* [Work to be completed]:
Leave out the pictures and output exactly the lines below from the one with "1210, high-end customization, exclusive" down to the one with "Форзиция промежуточная Миниголд", both of them included.

* [Data section]:
+++
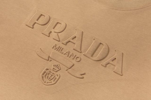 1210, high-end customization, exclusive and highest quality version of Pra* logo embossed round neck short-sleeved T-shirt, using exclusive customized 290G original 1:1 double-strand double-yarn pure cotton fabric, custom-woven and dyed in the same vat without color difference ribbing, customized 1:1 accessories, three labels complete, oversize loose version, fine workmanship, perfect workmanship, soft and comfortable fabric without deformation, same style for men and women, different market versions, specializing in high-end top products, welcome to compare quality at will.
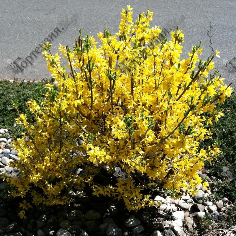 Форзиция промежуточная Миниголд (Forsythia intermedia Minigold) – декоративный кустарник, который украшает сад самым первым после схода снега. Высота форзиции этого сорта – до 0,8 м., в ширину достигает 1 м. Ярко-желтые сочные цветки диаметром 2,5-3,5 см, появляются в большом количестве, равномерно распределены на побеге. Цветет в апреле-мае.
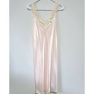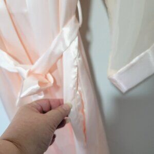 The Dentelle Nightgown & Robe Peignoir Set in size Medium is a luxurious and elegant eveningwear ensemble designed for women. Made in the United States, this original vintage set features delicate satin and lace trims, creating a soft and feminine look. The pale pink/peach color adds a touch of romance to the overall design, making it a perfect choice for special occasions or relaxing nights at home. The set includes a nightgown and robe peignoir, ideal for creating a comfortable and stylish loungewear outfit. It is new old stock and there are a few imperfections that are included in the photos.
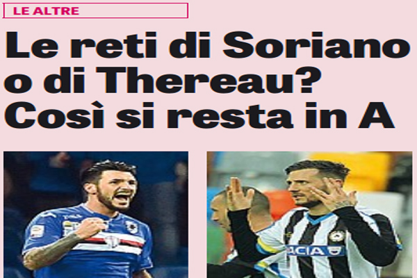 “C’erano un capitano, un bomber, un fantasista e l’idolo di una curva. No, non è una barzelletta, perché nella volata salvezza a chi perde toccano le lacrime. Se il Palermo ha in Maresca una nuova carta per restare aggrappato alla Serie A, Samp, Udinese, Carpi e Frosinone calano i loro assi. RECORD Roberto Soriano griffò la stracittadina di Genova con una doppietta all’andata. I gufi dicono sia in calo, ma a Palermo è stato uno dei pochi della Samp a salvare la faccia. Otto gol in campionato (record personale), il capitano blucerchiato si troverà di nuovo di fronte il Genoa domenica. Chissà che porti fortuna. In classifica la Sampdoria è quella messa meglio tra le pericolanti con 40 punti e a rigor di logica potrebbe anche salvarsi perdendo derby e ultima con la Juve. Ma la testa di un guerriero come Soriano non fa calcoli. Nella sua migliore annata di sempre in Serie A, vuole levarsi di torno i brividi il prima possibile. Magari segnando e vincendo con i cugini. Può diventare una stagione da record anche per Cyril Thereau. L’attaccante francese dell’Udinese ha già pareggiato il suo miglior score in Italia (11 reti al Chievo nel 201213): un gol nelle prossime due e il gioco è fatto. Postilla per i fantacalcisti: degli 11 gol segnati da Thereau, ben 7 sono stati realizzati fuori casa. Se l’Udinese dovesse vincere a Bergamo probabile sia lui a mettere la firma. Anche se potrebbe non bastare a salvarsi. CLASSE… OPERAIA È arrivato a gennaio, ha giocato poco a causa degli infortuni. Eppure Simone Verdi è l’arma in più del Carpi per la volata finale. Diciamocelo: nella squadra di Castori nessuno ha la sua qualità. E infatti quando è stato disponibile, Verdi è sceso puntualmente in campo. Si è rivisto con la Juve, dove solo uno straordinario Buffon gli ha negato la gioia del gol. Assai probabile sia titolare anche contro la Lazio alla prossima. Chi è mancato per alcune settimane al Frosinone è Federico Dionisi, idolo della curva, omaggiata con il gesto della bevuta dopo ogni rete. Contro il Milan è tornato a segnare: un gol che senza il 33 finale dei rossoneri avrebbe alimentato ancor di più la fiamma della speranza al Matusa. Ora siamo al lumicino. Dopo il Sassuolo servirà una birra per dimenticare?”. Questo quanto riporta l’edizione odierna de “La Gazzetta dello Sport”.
+++
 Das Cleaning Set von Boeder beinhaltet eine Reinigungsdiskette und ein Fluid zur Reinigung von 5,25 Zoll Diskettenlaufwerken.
+++
* [Exercise response]:
 1210, high-end customization, exclusive and highest quality version of Pra* logo embossed round neck short-sleeved T-shirt, using exclusive customized 290G original 1:1 double-strand double-yarn pure cotton fabric, custom-woven and dyed in the same vat without color difference ribbing, customized 1:1 accessories, three labels complete, oversize loose version, fine workmanship, perfect workmanship, soft and comfortable fabric without deformation, same style for men and women, different market versions, specializing in high-end top products, welcome to compare quality at will.
 Форзиция промежуточная Миниголд (Forsythia intermedia Minigold) – декоративный кустарник, который украшает сад самым первым после схода снега. Высота форзиции этого сорта – до 0,8 м., в ширину достигает 1 м. Ярко-желтые сочные цветки диаметром 2,5-3,5 см, появляются в большом количестве, равномерно распределены на побеге. Цветет в апреле-мае.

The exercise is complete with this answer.